• _What you should do_
What you write must match, character for character, the lines from the one with "Do polecenia Przewody" down to the one with "Цветок очень чистой" in the listing below, minus its pictures.

• _Provided data_
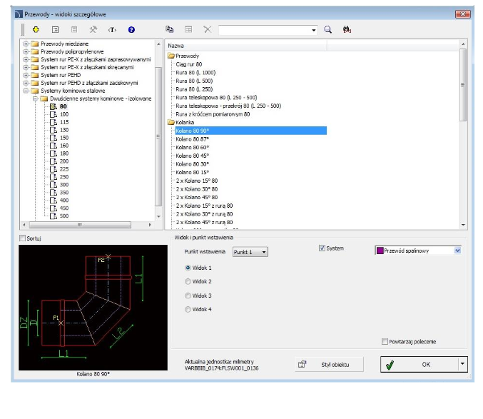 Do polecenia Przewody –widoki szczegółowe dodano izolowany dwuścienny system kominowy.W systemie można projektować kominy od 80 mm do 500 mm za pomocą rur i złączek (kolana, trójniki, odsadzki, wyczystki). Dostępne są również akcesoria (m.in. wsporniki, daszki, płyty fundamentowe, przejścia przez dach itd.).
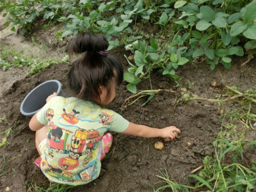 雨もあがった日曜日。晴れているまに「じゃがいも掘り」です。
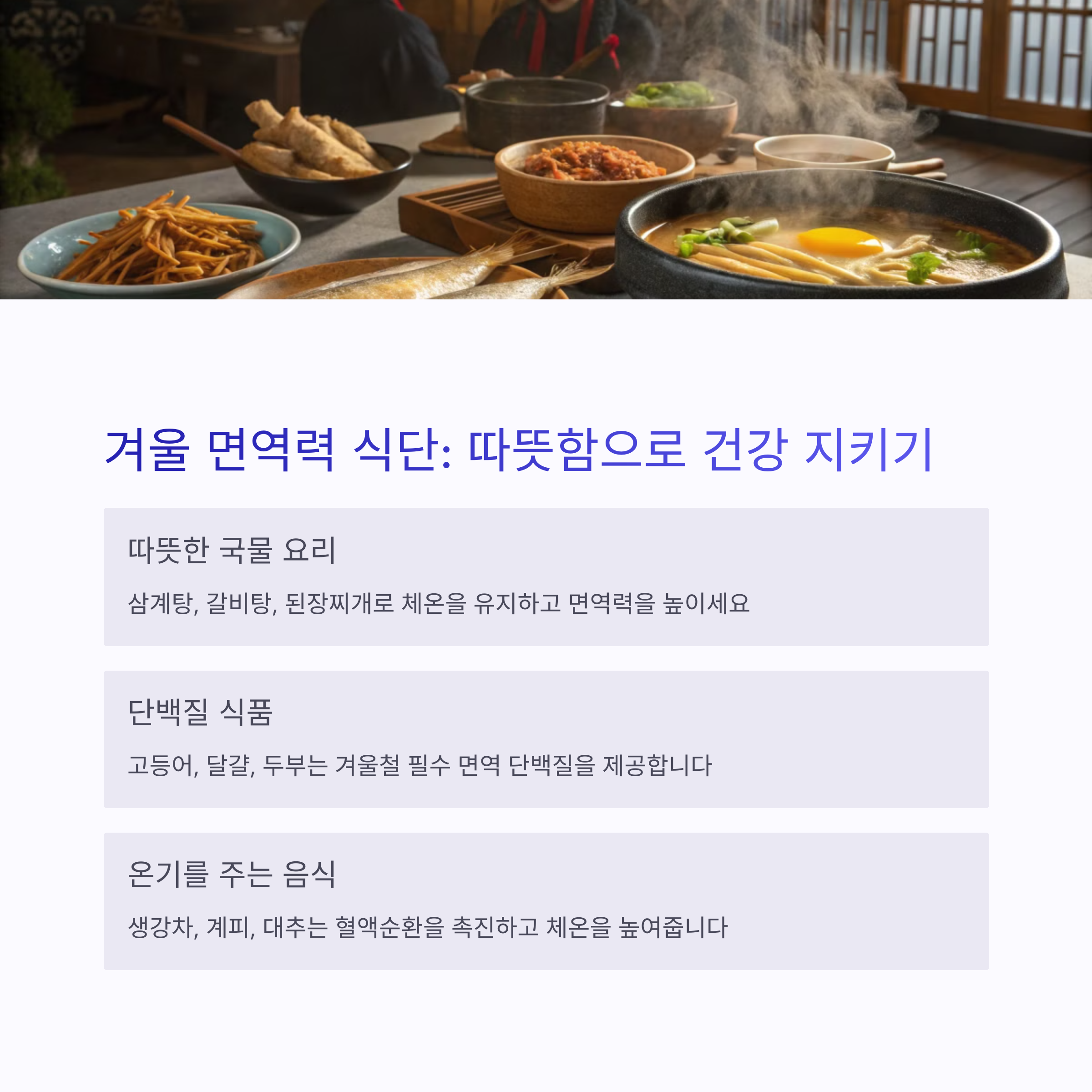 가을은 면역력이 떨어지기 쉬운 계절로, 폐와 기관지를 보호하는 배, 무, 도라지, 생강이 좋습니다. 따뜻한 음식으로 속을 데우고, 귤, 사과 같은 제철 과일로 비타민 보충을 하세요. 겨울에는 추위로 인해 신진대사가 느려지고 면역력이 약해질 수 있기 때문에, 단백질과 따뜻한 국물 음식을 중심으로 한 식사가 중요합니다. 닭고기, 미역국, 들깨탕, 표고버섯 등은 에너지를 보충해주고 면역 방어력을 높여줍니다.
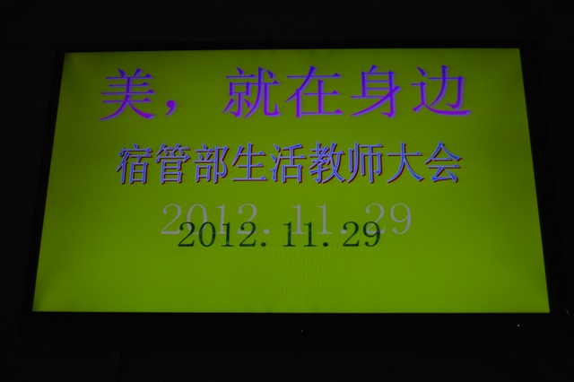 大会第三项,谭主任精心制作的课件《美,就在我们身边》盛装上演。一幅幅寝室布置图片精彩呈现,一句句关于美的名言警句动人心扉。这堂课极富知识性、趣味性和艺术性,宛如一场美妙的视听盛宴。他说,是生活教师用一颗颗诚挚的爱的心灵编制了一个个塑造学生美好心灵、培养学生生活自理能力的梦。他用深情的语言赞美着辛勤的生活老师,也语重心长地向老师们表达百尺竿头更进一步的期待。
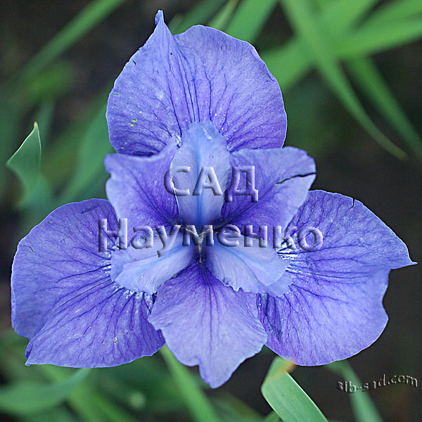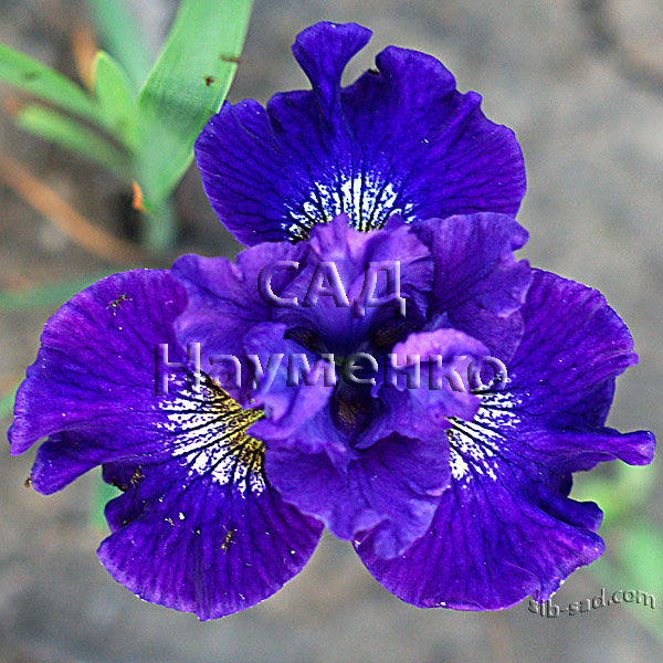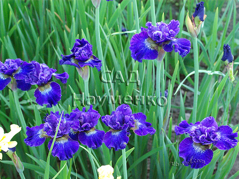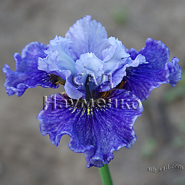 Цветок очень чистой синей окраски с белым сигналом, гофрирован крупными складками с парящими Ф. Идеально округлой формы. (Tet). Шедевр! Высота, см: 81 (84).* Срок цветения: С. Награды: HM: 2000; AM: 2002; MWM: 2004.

--

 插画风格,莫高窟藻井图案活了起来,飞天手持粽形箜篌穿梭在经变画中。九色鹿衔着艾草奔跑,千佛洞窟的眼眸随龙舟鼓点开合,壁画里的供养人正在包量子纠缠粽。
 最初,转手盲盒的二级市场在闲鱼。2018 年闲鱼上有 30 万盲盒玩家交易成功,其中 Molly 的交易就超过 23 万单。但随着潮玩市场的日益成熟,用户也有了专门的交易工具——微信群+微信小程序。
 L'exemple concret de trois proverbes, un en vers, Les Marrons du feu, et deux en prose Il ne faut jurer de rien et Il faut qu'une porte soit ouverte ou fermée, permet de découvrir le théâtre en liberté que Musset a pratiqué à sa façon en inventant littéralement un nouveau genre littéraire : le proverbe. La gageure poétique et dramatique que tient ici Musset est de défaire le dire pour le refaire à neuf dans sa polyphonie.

• _Final answer_
 Do polecenia Przewody –widoki szczegółowe dodano izolowany dwuścienny system kominowy.W systemie można projektować kominy od 80 mm do 500 mm za pomocą rur i złączek (kolana, trójniki, odsadzki, wyczystki). Dostępne są również akcesoria (m.in. wsporniki, daszki, płyty fundamentowe, przejścia przez dach itd.).
 雨もあがった日曜日。晴れているまに「じゃがいも掘り」です。
 가을은 면역력이 떨어지기 쉬운 계절로, 폐와 기관지를 보호하는 배, 무, 도라지, 생강이 좋습니다. 따뜻한 음식으로 속을 데우고, 귤, 사과 같은 제철 과일로 비타민 보충을 하세요. 겨울에는 추위로 인해 신진대사가 느려지고 면역력이 약해질 수 있기 때문에, 단백질과 따뜻한 국물 음식을 중심으로 한 식사가 중요합니다. 닭고기, 미역국, 들깨탕, 표고버섯 등은 에너지를 보충해주고 면역 방어력을 높여줍니다.
 大会第三项,谭主任精心制作的课件《美,就在我们身边》盛装上演。一幅幅寝室布置图片精彩呈现,一句句关于美的名言警句动人心扉。这堂课极富知识性、趣味性和艺术性,宛如一场美妙的视听盛宴。他说,是生活教师用一颗颗诚挚的爱的心灵编制了一个个塑造学生美好心灵、培养学生生活自理能力的梦。他用深情的语言赞美着辛勤的生活老师,也语重心长地向老师们表达百尺竿头更进一步的期待。
 Цветок очень чистой синей окраски с белым сигналом, гофрирован крупными складками с парящими Ф. Идеально округлой формы. (Tet). Шедевр! Высота, см: 81 (84).* Срок цветения: С. Награды: HM: 2000; AM: 2002; MWM: 2004.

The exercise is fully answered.